[Saved data entries]
────

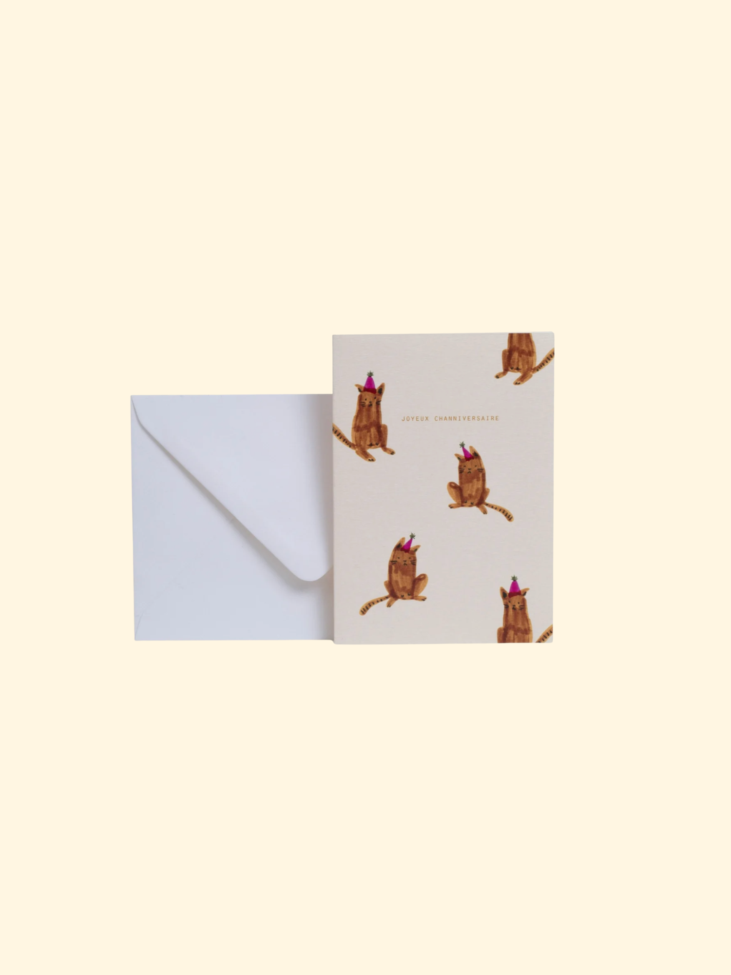 Souhaitez un anniversaire félin avec notre carte Chats Festifs "Joyeux Channiversaire".
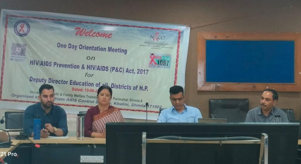 हिम न्यूज़ शिमला। हिमाचल प्रदेश राज्य एड्स नियंत्रण समिति द्वारा आज यहां शिक्षा विभाग के सभी उप-निदेशकों के लिए अभिविन्यास (ओरिएन्टेशन) बैठक का आयोजन किया गया। बैठक की अध्यक्षता करते हुए परियोजना निदेशक राजीव कुमार ने कहा कि बैठक का मुख्य उद्देश्य शिक्षा विभाग के माध्यम से प्रदेश के सभी स्कूलों के विद्यार्थियों को एचआईवी/एड्स के प्रति जागरूक करना है। उन्होंने कहा कि युवाओं और बच्चों को अगर एचआईवी के बारे में पूरी जानकारी होगी तो वह स्वस्थ और खुशहाल जीवन जी सकेंगे।
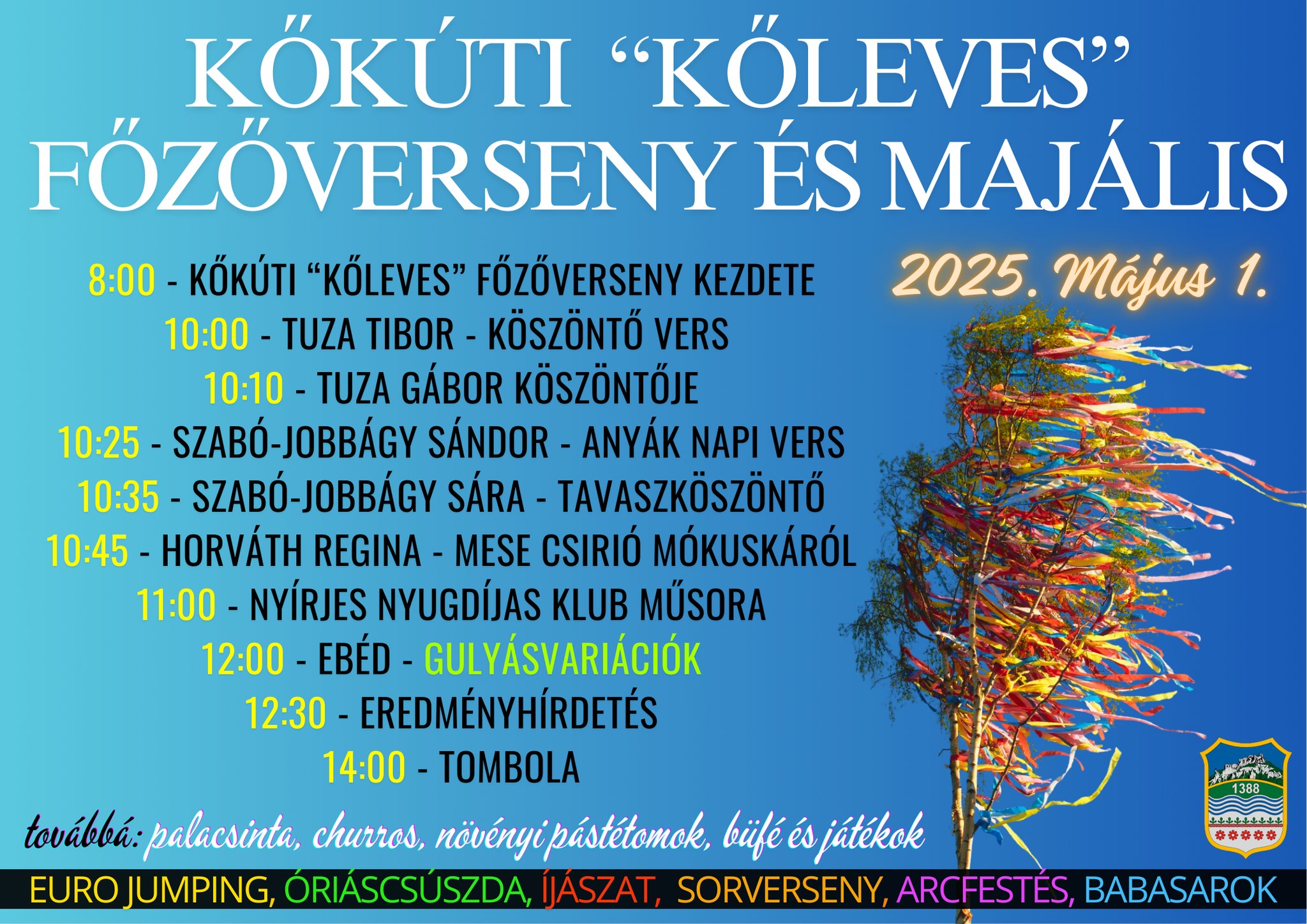 2025. május 1-én csütörtökön 10 és 16 óra között Kőkúton a Klub Könyvtár előtti parkban várnak mindenkit szeretettel!
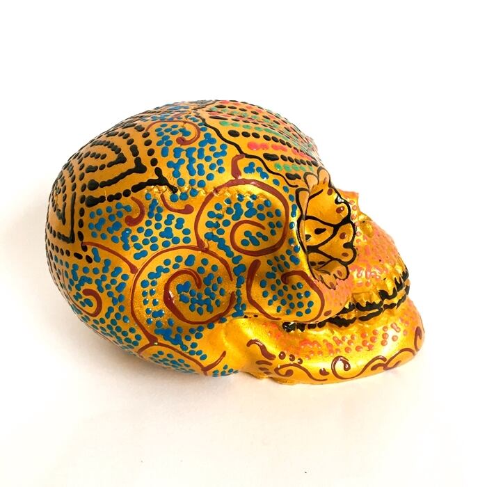 メキシカンスカル オブジェ 骸骨 カラベラ (ゴールド)【バリ直輸入】
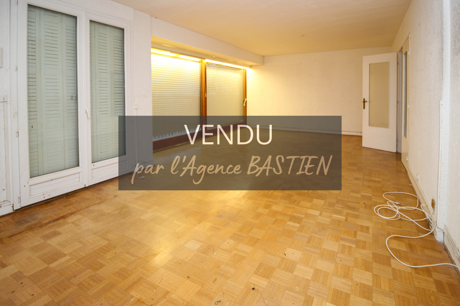 Appartement à rénover comprenant entrée avec placard, cuisine, buanderie, grand salon/séjour avec balcon, deux chambres, salle de bains et WC séparé.
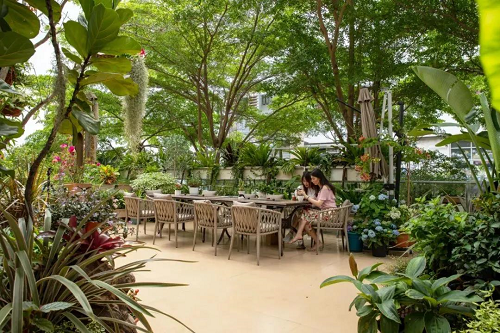 這個屋頂花園兩側(cè)被南海意庫建筑外立面郁郁蔥蔥的綠植包裹著,當(dāng)中草木繁茂、綠樹成蔭,成了一處靜謐、愜意、生機(jī)勃勃的小空間。整個花園分為精致賞花區(qū)、中心就餐區(qū)和靜思區(qū)三個不同功能的區(qū)域,以滿足多樣化的使用需求。

────

### Your objective
Copy the entries precisely, images excluded.

### Result for this exercise
 Souhaitez un anniversaire félin avec notre carte Chats Festifs "Joyeux Channiversaire".
 हिम न्यूज़ शिमला। हिमाचल प्रदेश राज्य एड्स नियंत्रण समिति द्वारा आज यहां शिक्षा विभाग के सभी उप-निदेशकों के लिए अभिविन्यास (ओरिएन्टेशन) बैठक का आयोजन किया गया। बैठक की अध्यक्षता करते हुए परियोजना निदेशक राजीव कुमार ने कहा कि बैठक का मुख्य उद्देश्य शिक्षा विभाग के माध्यम से प्रदेश के सभी स्कूलों के विद्यार्थियों को एचआईवी/एड्स के प्रति जागरूक करना है। उन्होंने कहा कि युवाओं और बच्चों को अगर एचआईवी के बारे में पूरी जानकारी होगी तो वह स्वस्थ और खुशहाल जीवन जी सकेंगे।
 2025. május 1-én csütörtökön 10 és 16 óra között Kőkúton a Klub Könyvtár előtti parkban várnak mindenkit szeretettel!
 メキシカンスカル オブジェ 骸骨 カラベラ (ゴールド)【バリ直輸入】
 Appartement à rénover comprenant entrée avec placard, cuisine, buanderie, grand salon/séjour avec balcon, deux chambres, salle de bains et WC séparé.
 這個屋頂花園兩側(cè)被南海意庫建筑外立面郁郁蔥蔥的綠植包裹著,當(dāng)中草木繁茂、綠樹成蔭,成了一處靜謐、愜意、生機(jī)勃勃的小空間。整個花園分為精致賞花區(qū)、中心就餐區(qū)和靜思區(qū)三個不同功能的區(qū)域,以滿足多樣化的使用需求。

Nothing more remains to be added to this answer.